Why it matters: Professional SQL code prioritizes readability and maintainability. CTEs transform tangled nested subqueries into clear, step-by-step logic that colleagues can understand and modify. This is crucial for collaborative data teams and long-term code maintenance.
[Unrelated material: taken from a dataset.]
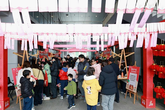 At Suzhou Industrial Park Urban Art Space, visitors admired exquisite lantern displays, and participated in riddle guessing in a lively atmosphere.
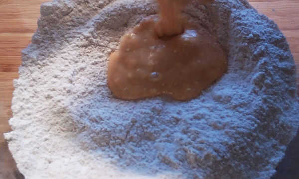 Una vez completamente se revuelve los ingredientes húmedos, seguir adelante y volcar sobre los ingredientes secos. Sin embargo, asegúrese de que volcar en un poco primero, revolvery volcar luego en el resto. Ver video sobre para la demostración completa.

Multiple CTEs in One Query
You can define multiple CTEs in a single query, each building on previous ones or working independently. This creates a pipeline of data transformations:
-- Multi-step customer segmentation analysis
WITH
-- Step 1: Calculate customer metrics
customer_metrics AS (
SELECT
customer_id,
COUNT(*) AS order_count,
SUM(order_total) AS total_spent,
AVG(order_total) AS avg_order_value,
MAX(order_date) AS last_order_date
FROM orders
GROUP BY customer_id
),
-- Step 2: Assign customer segments
customer_segments AS (
SELECT
customer_id,
order_count,
total_spent,
avg_order_value,
last_order_date,
CASE
WHEN total_spent >= 5000 THEN 'VIP'
WHEN total_spent >= 1000 THEN 'Gold'
WHEN total_spent >= 500 THEN 'Silver'
ELSE 'Bronze'
END AS segment,
CASE
WHEN last_order_date >= DATE_SUB(CURDATE(), INTERVAL 30 DAY) THEN 'Active'
WHEN last_order_date >= DATE_SUB(CURDATE(), INTERVAL 90 DAY) THEN 'At Risk'
ELSE 'Inactive'
END AS activity_status
FROM customer_metrics
),
-- Step 3: Calculate segment statistics
segment_stats AS (
SELECT
segment,
activity_status,
COUNT(*) AS customer_count,
AVG(total_spent) AS avg_lifetime_value,
AVG(avg_order_value) AS avg_order_size
FROM customer_segments
GROUP BY segment, activity_status
)
-- Final: Show comprehensive segment analysis
SELECT
segment,
activity_status,
customer_count,
ROUND(avg_lifetime_value, 2) AS avg_lifetime_value,
ROUND(avg_order_size, 2) AS avg_order_size,
ROUND(customer_count * 100.0 / SUM(customer_count) OVER (), 2) AS percent_of_total
FROM segment_stats
ORDER BY
FIELD(segment, 'VIP', 'Gold', 'Silver', 'Bronze'),
FIELD(activity_status, 'Active', 'At Risk', 'Inactive');
CTEs vs Subqueries: When to Use Each
While CTEs and subqueries are functionally similar, each has optimal use cases:
| Scenario | Use CTEs When... | Use Subqueries When... |
|---|---|---|
| Readability | Query has multiple steps or complex logic that benefits from named intermediate results | Query is simple with a single nested operation |
| Reusability | Need to reference the same result set multiple times in one query | Result is only needed once in one specific place |
| Recursion | Working with hierarchical data (org charts, categories, etc.) | Recursion is not needed—CTEs are the only SQL recursion option |
| Debugging | Need to test/verify intermediate results step-by-step | Logic is straightforward and doesn't need stepwise verification |
Recursive CTEs for Hierarchical Data
Recursive CTEs can reference themselves, making them perfect for traversing hierarchical structures like organizational charts, product categories, or threaded comments:
-- Recursive CTE: Employee hierarchy (org chart)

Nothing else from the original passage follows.